TTL for Automatic Expiration

-- Insert a message with a 30-day TTL
INSERT INTO conversations (session_id, message_id, role, content, embedding)
VALUES (?, ?, ?, ?, ?)
USING TTL 2592000;   -- 30 days in seconds

Cassandra automatically removes expired rows at compaction time, keeping storage bounded without application-layer cleanup jobs.

TTL is set per-row at insert time. If you update a row, the new write’s TTL applies to the columns updated. Use a consistent TTL policy in your application layer to avoid partial row expiration.

Framework Integration

LangChain

LangChain provides a CassandraVectorStore class that wraps Cassandra’s ANN capabilities behind the standard LangChain VectorStore interface.

Install the integration packages first:

pip install cassio langchain-community langchain-openai
from langchain_community.vectorstores import Cassandra
from langchain_openai import OpenAIEmbeddings
import cassio

# Initialize cassio with your cluster connection
cassio.init(contact_points=["127.0.0.1"], keyspace="my_keyspace")

embeddings = OpenAIEmbeddings(model="text-embedding-3-small")

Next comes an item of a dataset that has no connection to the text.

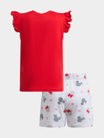 Get your little one snoozing in style with this adorable red Minnie Mouse pyjama set. Made for a comfy night's sleep, this set features a cute Minnie Mouse graphic on the top and matching shorts.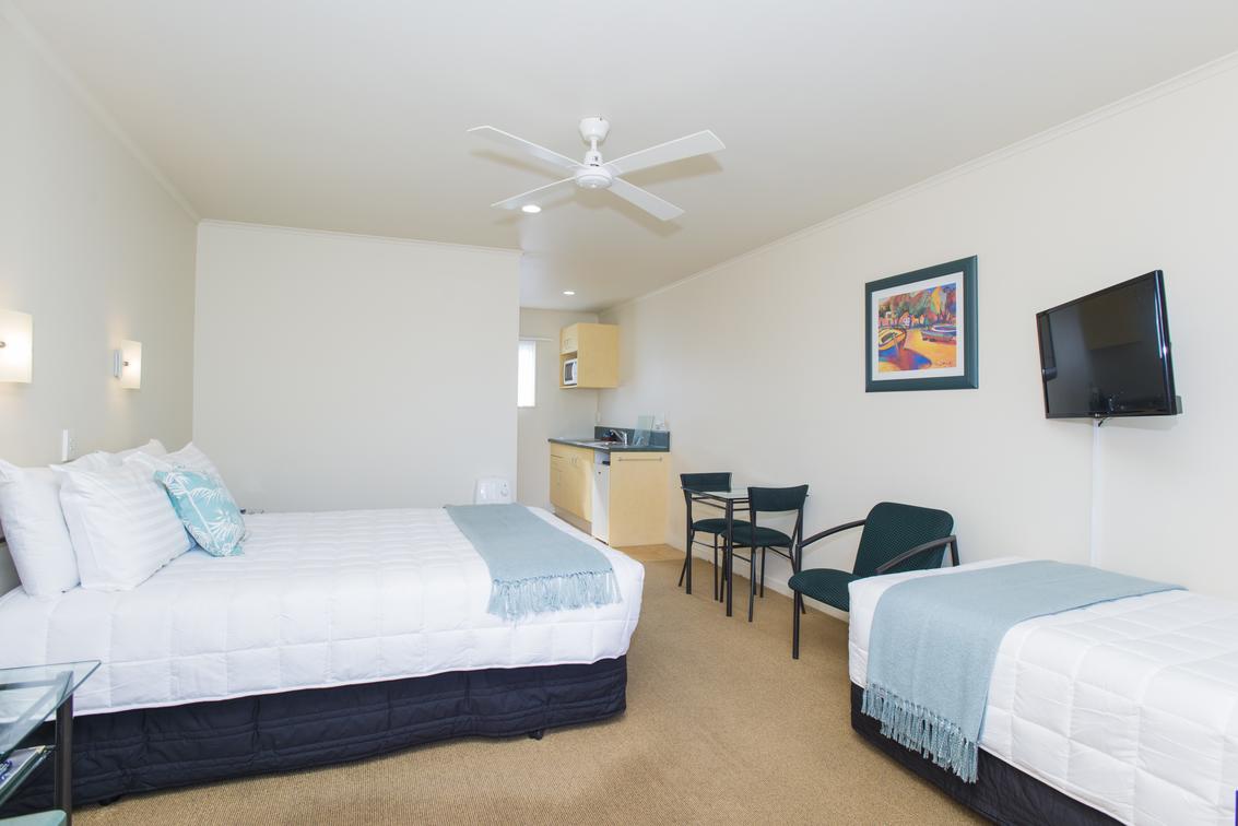 Sonnige, geräumige Studio-Einheit mit einem Queensize-Bett, einem Flachbild-TV, einem Kochfeld, einer Mikrowelle und Küchenutensilien. Diese Unterkunft verfügt über eine Dusche über eine Whirlpool-Badewanne. 8 Sky-Kanäle und 18 Freeview-Kanäle. Gesichter Hauptstraße

# Create or connect to a Cassandra vector store
vectorstore = Cassandra(
    embedding=embeddings,
    table_name="documents",
    session=None,      # uses cassio session
    keyspace=None,     # uses cassio keyspace
)

# Add documents
vectorstore.add_texts(["chunk one", "chunk two"], metadatas=[{}, {}])

# Similarity search
results = vectorstore.similarity_search("my query", k=5)

cassio is a separate Python package you install with pip install cassio. It initializes the Cassandra session used by the LangChain and LlamaIndex Cassandra integrations shown below, and it is not part of the core cassandra-driver package. PyPI currently labels it as an alpha-stage package, so review its release notes before depending on it in production. Framework APIs change quickly, so verify the current constructor arguments in the framework docs before adopting these examples in production.

LlamaIndex

LlamaIndex provides a CassandraVectorStore index that integrates with its retrieval and query engine pipeline.

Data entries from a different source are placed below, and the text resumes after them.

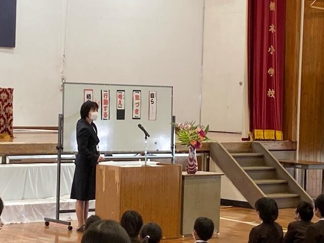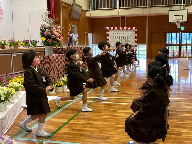 13名のかわいい1年生の入学です。全校児童で1年生の入学をお祝いすることができました。2年生は代表でお迎えの言葉と歌のプレゼントもしてくれました。小学校生活がいよいよスタートです!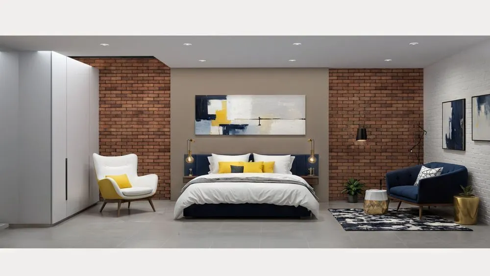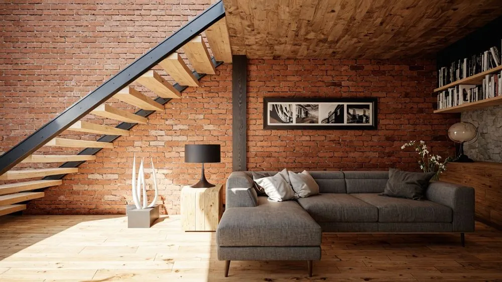 a chair in a room with brick walls and flooring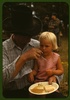 Homesteader feeding his daughter at the Pie Town, New Mexico Fair free barbeque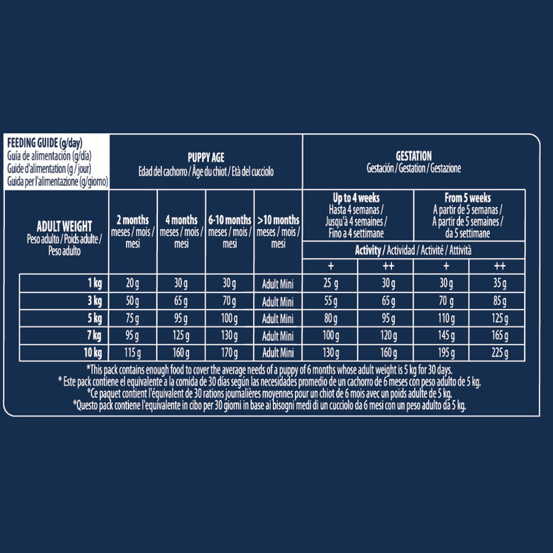 Para facilitar la adaptación al pienso, se aconseja humedecer ligeramente las croquetas durante los primeros días. La ración diaria debe ajustarse según la edad, peso y estado de salud del cachorro.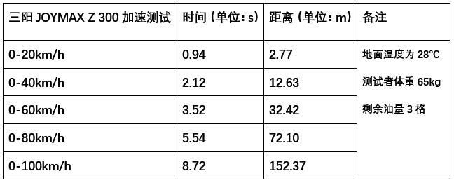 在加速測(cè)試環(huán)節(jié),JOYMAX Z 300的表現(xiàn)完全可以用非常優(yōu)異來形容,0-100km/h加速成績(jī)達(dá)到8.72秒,在300級(jí)別大踏板中可以說名列前茅,說實(shí)話有些出乎我的意料??墒亲屑?xì)一想,JOYMAX Z 300離合器接合的時(shí)機(jī)比較早,在加速過程中在3000轉(zhuǎn)左右就開始咬合,比大部分踏板車都要早,再加上非常強(qiáng)的低扭,做出這樣的成績(jī)倒也不奇怪了。通過觀察加速曲線,也可以看出整段加速過程非常線性,發(fā)動(dòng)機(jī)從3000轉(zhuǎn)開始發(fā)力,出力也很平順。這樣的調(diào)校在城市環(huán)境中應(yīng)對(duì)頻繁的起步十分有利。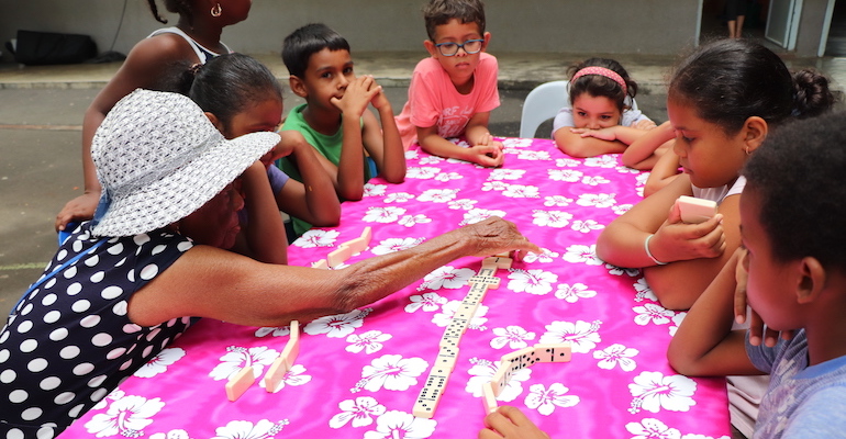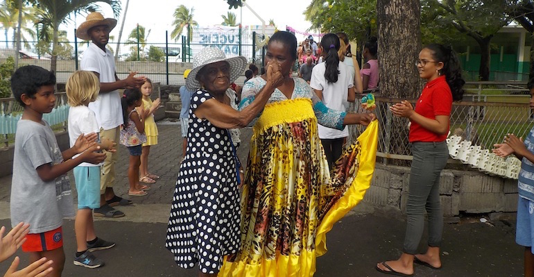Lors de la journée intergénérationelle, le regroupement rassemblait les élèves des écoles primaires de Louise-Siarane, des Chocas et de l’établissement du front de mer. Sans oublier les membres des associations de troisième jeunesse suivantes: Rue Jacquot, Cocotier, Jasmin, Lilas, Cytises, Corail de l’Hermitage, 3 CC, Jonquilles, Pensée d’Eau et les pensionnaires de l’Ehpad des Alizés.

from llama_index.vector_stores.cassandra import CassandraVectorStore
from llama_index.core import VectorStoreIndex, StorageContext
import cassio

# pip install cassio llama-index llama-index-vector-stores-cassandra

cassio.init(contact_points=["127.0.0.1"], keyspace="my_keyspace")

vector_store = CassandraVectorStore(
    table="llamaindex_docs",
    embedding_dimension=1536,
)

storage_context = StorageContext.from_defaults(vector_store=vector_store)

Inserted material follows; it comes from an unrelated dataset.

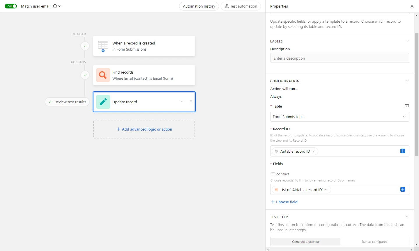 4. Create an automation that will trigger every time a "Line Item" record is created, and its action will be to paste the value from the field from step 2 into the linked field to Invoices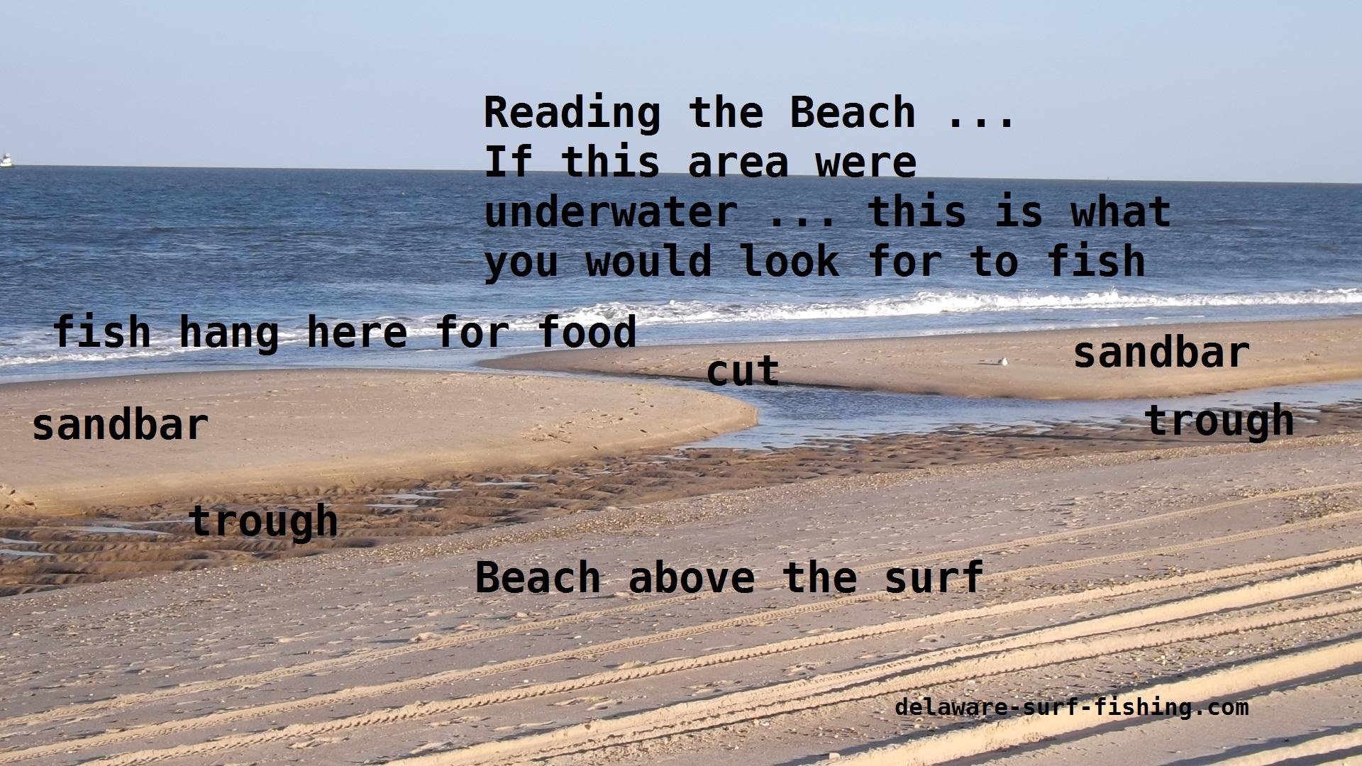 One of the most difficult things to locate is a good cut in the Delaware surf. They are usually subtle,and there are several distinct cuts that many know the location. The “cut” is the area where water that is pushed across two sandbars drains back into the ocean. Between the sandbars.

# Build an index from documents
index = VectorStoreIndex.from_documents(
    documents,
    storage_context=storage_context,
)

# Query
query_engine = index.as_query_engine(similarity_top_k=5)
response = query_engine.query("What is Cassandra's consistency model?")

Refer to the LlamaIndex Cassandra documentation for the current API. Embedding dimension must match the model you configure in LlamaIndex.

Cassandra MCP Server

For AI agents that need to interact with Cassandra directly through tool calls, the Cassandra MCP (Model Context Protocol) server exposes CQL execution and schema inspection as callable tools. See Cassandra MCP Server for setup and usage.